# Kompozer problems



## Sandranz (Jul 19, 2008)

I am getting so frustrated trying to find a good wysifa or html editor to design my website with (newbie!!). I have tried kompozer and coffee cup html editor and vsd. I think I know what I am doing best in kompozer but is it all there? When I downloaded and unzipped the files, I ended up with a whole of files and no idea what to do so I just opened the main Kompozer file. Please forgive this question because I expect it is really dumb, does opening the one that says Kompozer somehow magically connect with the other files.
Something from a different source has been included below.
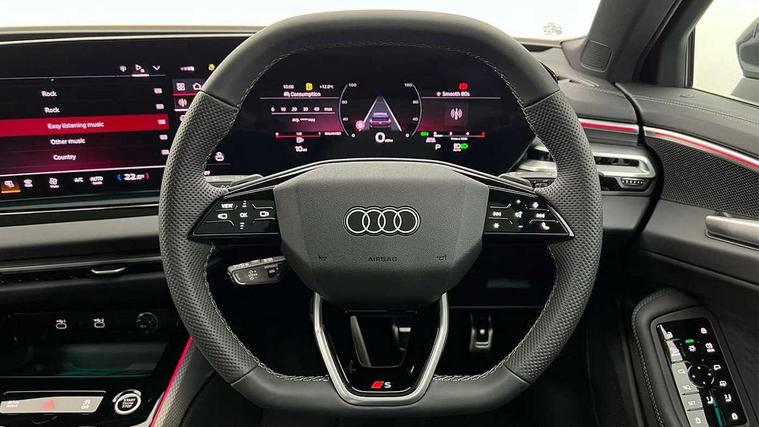 Audi application store, Audi assistant, Audi connect emergency call and service, Audi connect with Amazon Alexa Integration, Audi digital key, Audi drive select, Audi phone box with wireless charging, Audi virtual cockpit, Automatic start/stop system with coasting functionality, Bluetooth interface, Luggage compartment lid with Electric opening / closing, MMI navigation plus with high resolution 14.5" OLED touchscreen colour display, Power assisted steering, Service interval indicator, Smartphone interface includes wireless Apple carplay/Android Auto, Voice control system, Quattro with ultra technology, Sports suspension, Audi sound system impressive sound with 10 loudspeakers including centre speaker and subwoofer, 6-channel amplifier with a total output of 180 watts, DAB Digital radio, USB ports with charging function, Aluminium roof rails, Audi Matrix LED technology, Auto dimming rear view mirror, Automatic-dynamic headlight range control, Body colour door mirrors, Body coloured door handles, Dipped beam, main beam, position light, dynamic indicator and cornering light, Door mirrors - electrically adjustable, heated, folding and auto dimming on both sides, Dynamic light scenarios of the coming home/leaving home function when stationary, Electric front/rear windows, Frameless auto dimming interior rear view mirror, Front illuminated aluminium inlay door sill trims with S logo, Headlight cleaning system, LED headlights Plus incl. digital daytime running lights, turning light, all-weather light, motorway light, manouevring light and intersection light, LED rear lights pro incl. brake lights, tail lights, rear number plate lights, reversing lights, continuous light strip, LED third brake light, Privacy glass, Rain and light sensors, Rear and side windows with heat insulating glass, Rear side wing doors, Rear wiper, Roof spoiler, S line exterior styling, Sport exterior inc Radiator grille, air inlets and diffuser in scandium grey as well as inlay in diffuser in selenite silver, White rhombus logo projection light in exterior mirrors, Window trim strips in aluminium look, Windscreen with heat insulating and acoustic glazing, 3 seat bench in 2nd row, 3-spoke Sport leather steering wheel flat top and bottom with multifunction and shift paddles, 4 way electric lumbar support for driver and front passenger, 4 zone deluxe automatic climate control, 40:20:40 split folding rear seat bench with centre armrest and cup holders, Centre armrest, front- adjustable angle with four settings, Electrically adjustable front seats, Front head restraints, Heated front seats, i-Size child seat mounting on the front passenger side and outer rear seats, i-Size and top tether on the outer rear seats, Manual steering wheel adjustment, Net partition, Rear headrests, Single front passenger seat, Sport front seats, Stainless steel pedals and footrest, Steering wheel trim in chrome look, S emblem, steering wheel grips in perforated leather and contrasting stitching, Twin leather/artificial leather upholstery, Ambient lighting package plus - A6, Drive and Park assistance package - A6, Protective warning assistance package - A6, 3x3 point rear seat belts, Acoustic vehicle alerting system, Black seat belts, Convenience key with safelock, Driver and front passenger airbags, EBD - Electronic brakeforce distribution, Electric rear child safety lock, Electromechanical parking brake, Electronic Stability Control (ESC) including ABS, ASR and EDL, First aid kit with warning triangle and vests, Front passenger airbag deactivation, Seatbelt monitoring, Side airbags front with head airbag system and interaction airbag, Standard 18"steel disc brakes front and rear, Tyre pressure monitoring system, Anti theft alarm, Anti-theft wheel bolts, Immobiliser, Keyless Go, Remote central locking, Accents in the interior in aluminium look, Inlays in matt brushed aluminium with linear embossing, anthracite, Upper and lower interior elements in leatherette with contrasting stiching, Wraparound interior elements in artificial leather, Tyre repair kit,

Thank-you


----------



## tomdkat (May 6, 2006)

Kompozer doesn't come with an "installer" that will perform a traditional application install. It comes in a ZIP file. When you uncompress the ZIP file, you will have a kompozer folder with a "ready-to-run" copy of Kompozer in it.

Double-clicking the Kompozer icon will start the tool and you should see a window like in the attached screenshot.

Peace...


----------



## Sandranz (Jul 19, 2008)

Great, that is what I have. Thank-you!!!


----------



## tomdkat (May 6, 2006)

Coolio! I use Kompozer a lot so feel free to post any questions you have in this forum.

By the way, I know three women from New Zealand. :up:

Peace...


----------